Molecular docking verification
Through molecular docking experiments, the numerical results of the binding energies from Vina docking were collected. The docking details are shown in Table 2, and the binding energy values of the 13 important compounds in YZG with their main targets are all less than -5 kcal/mol (20.9 kJ/mol), which suggests that the binding is significant; the less energy that is required, the more stable the binding. We selected the targets that bind to the most stable compound to display the 3D results, which included PTGS1-β-sitosterol (affinity=-10.6 kcal/mol), PTGS2-Hinokinin (affinity=-9.8 kcal/mol), ALOX5-AA (affinity=-5.1 kcal/mol), CASP3-luteolin (affinity=-7.4 kcal/mol), F7-isorhamnetin (affinity=-8.4 kcal/mol), F10-rivularin (affinity=-8.0 kcal/mol), and LTA4H-xyloidone (affinity=-8.5 kcal/mol). In Fig.9, the red circle represents a small-molecule compound, and each small-molecule compound is bound to a large-molecule protein. The stick graph on the right describes the specific form of this interaction. The yellow dashed line in the figure represents hydrogen bonding; there are fewer hydrophobic residues around the compound, and these residues are mainly bound to the target by electrostatic interactions (hydrogen bonding).
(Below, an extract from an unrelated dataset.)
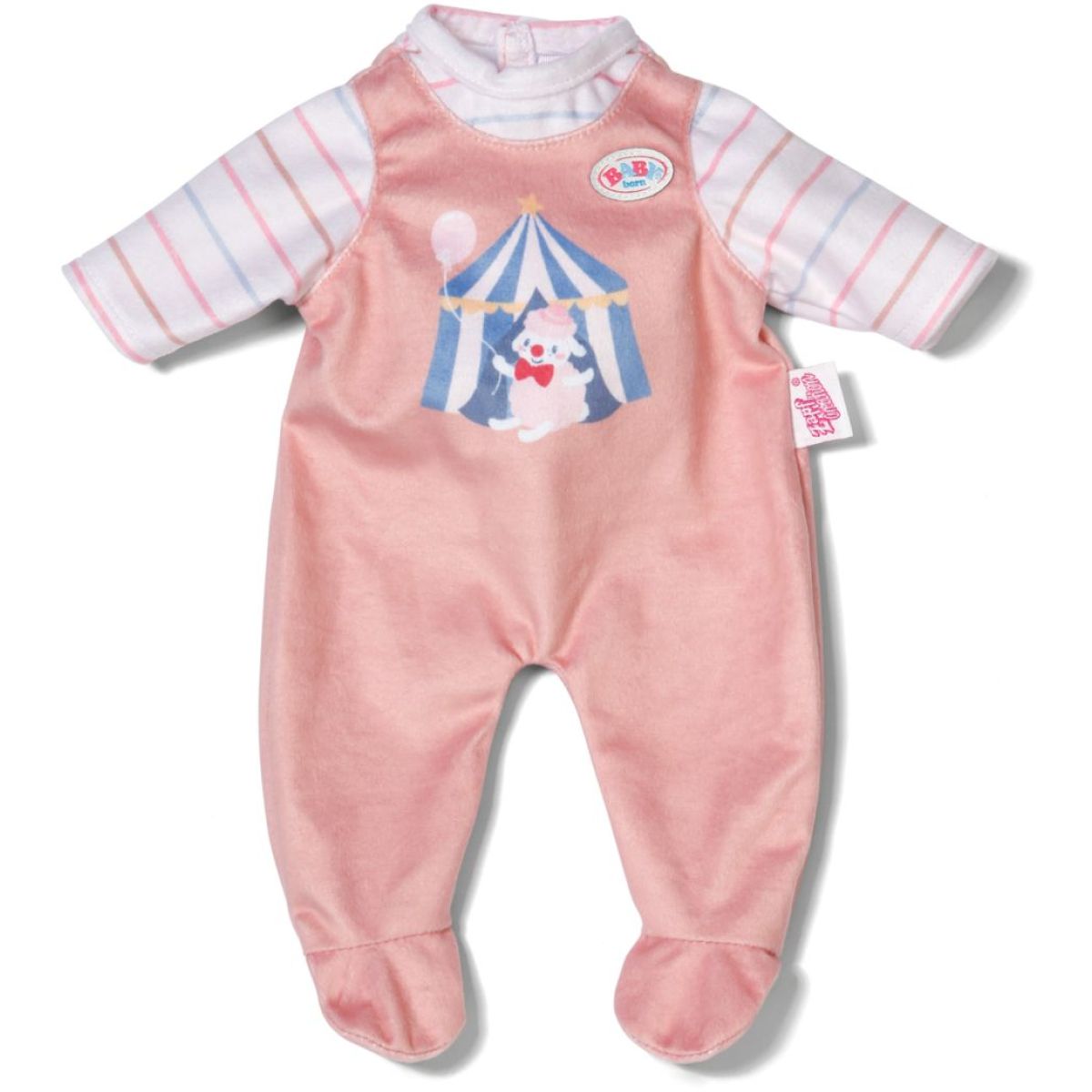 Tieto marhuľové dupačky s farebným cirkusovým motívom sú ideálne pre bábiky veľkosti 36 cm.

Drug-compound-target-pathway network construction
To holistically explain the interaction mechanisms among the different drugs, compounds and main targets in YZG, a drug-compound-target-pathway network was constructed established based on Cytoscape software. Red indicates the drugs; yellow indicates the compounds; pink indicates the potential targets; and green indicates the pathways. The red lines are connected to the potential therapeutic pathway, which has the highest degree of value, its key targets and the components with the highest docking scores (Fig.10). In YZG, flavonoids, coumarins, and organic acids are the compounds that are most closely related to crucial potential targets. Existing animal experiments have shown that flavonoids are the main active ingredients of Platycladus orientalis（L.）Franco（Cebaiye）, Cirsium japonicum Fisch.ex DC.（Daji）, Cirsium setosum（Willd.）MB.（Xiaoji） in cooling and hemostatic effects. The effective active ingredients of TCM for clearing heat and stopping bleeding also contain organic acids, phenols, and tannins. TCMs, including such as Cebaiye, Daji, Xiaoji, Rubia cordifolia L. (Qiancao), and Sanguisorba officinalis L. (Diyu) can achieve hemostasis by shortening bleeding and clotting times. In contrast, Qiancao are mainly used to increase the number of platelets and enhance their aggregation to ensure hemostasis [37-39]. However, the molecular mechanism of these compounds in treating uterine bleeding and heavy menstrual flow is unclear, which will be the focus of the discussion.